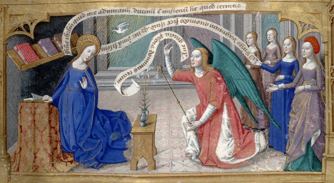 Book of Hours, Circle of the Master of Jacques de Besançon, 1480-1490, British Library, Harley 2876. folio. 7 Annunciation Aue α ? © |
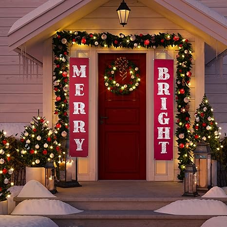 Amazon Com Merry Bright Christmas Banner For Christmas
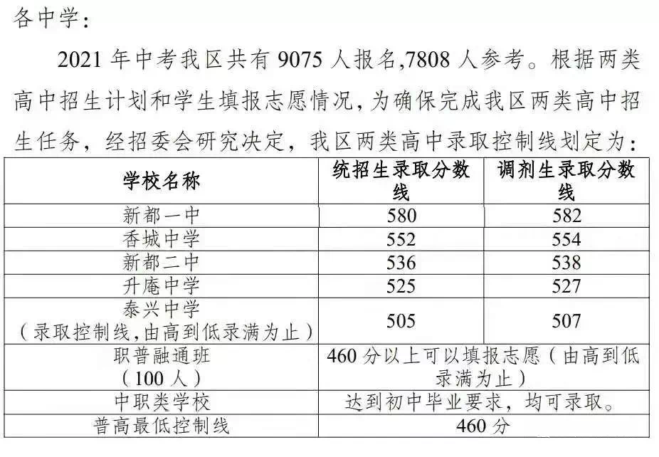 2021新都区区内高中中考划线如下:
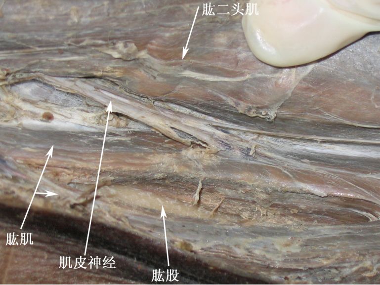 肌皮神经:起自臂丛外侧束,穿喙肱肌,经肱二头肌与肱肌之间,行向外下方,发肌支支配上述三肌;其末支从肱二头肌与肱肌之间穿出,在肱二头肌外侧沟下份浅出深筋膜,称为前臂外侧皮神经。
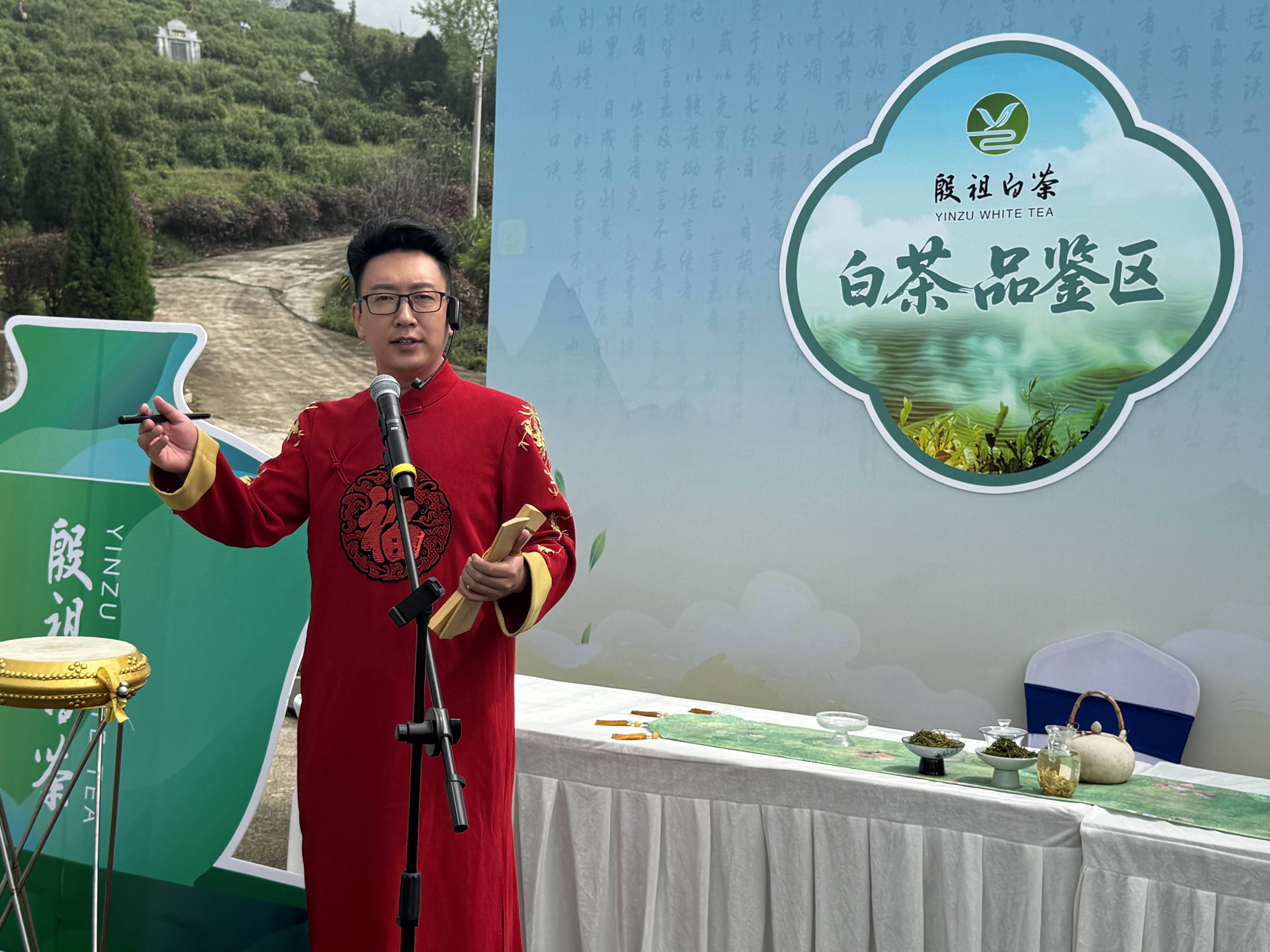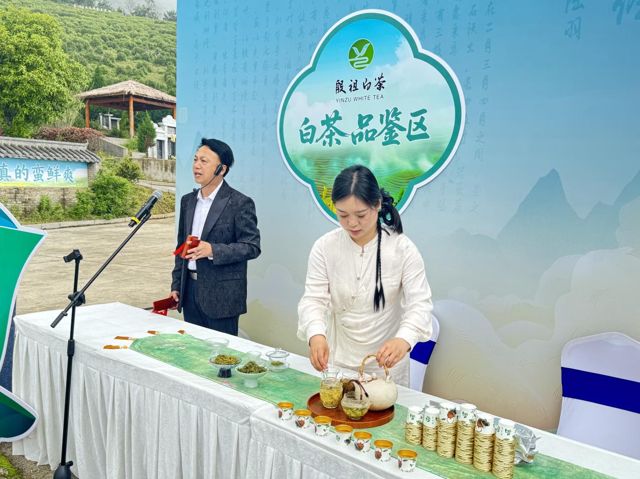 发布会现场,专设的白茶品鉴区前围满了游客和当地茶农。玻璃杯中,殷祖白茶形似凤羽,芽叶玉白、茎脉翠绿,汤色清亮,茶香袅袅,沁人心脾。

#####

EXERCISE DESCRIPTION:
Would you write out exactly the lines of the data from the one holding "肌皮神经:起自臂丛外侧束,穿" to the final line, both included, with pictures left out?

EXERCISE SOLUTION:
 肌皮神经:起自臂丛外侧束,穿喙肱肌,经肱二头肌与肱肌之间,行向外下方,发肌支支配上述三肌;其末支从肱二头肌与肱肌之间穿出,在肱二头肌外侧沟下份浅出深筋膜,称为前臂外侧皮神经。
 发布会现场,专设的白茶品鉴区前围满了游客和当地茶农。玻璃杯中,殷祖白茶形似凤羽,芽叶玉白、茎脉翠绿,汤色清亮,茶香袅袅,沁人心脾。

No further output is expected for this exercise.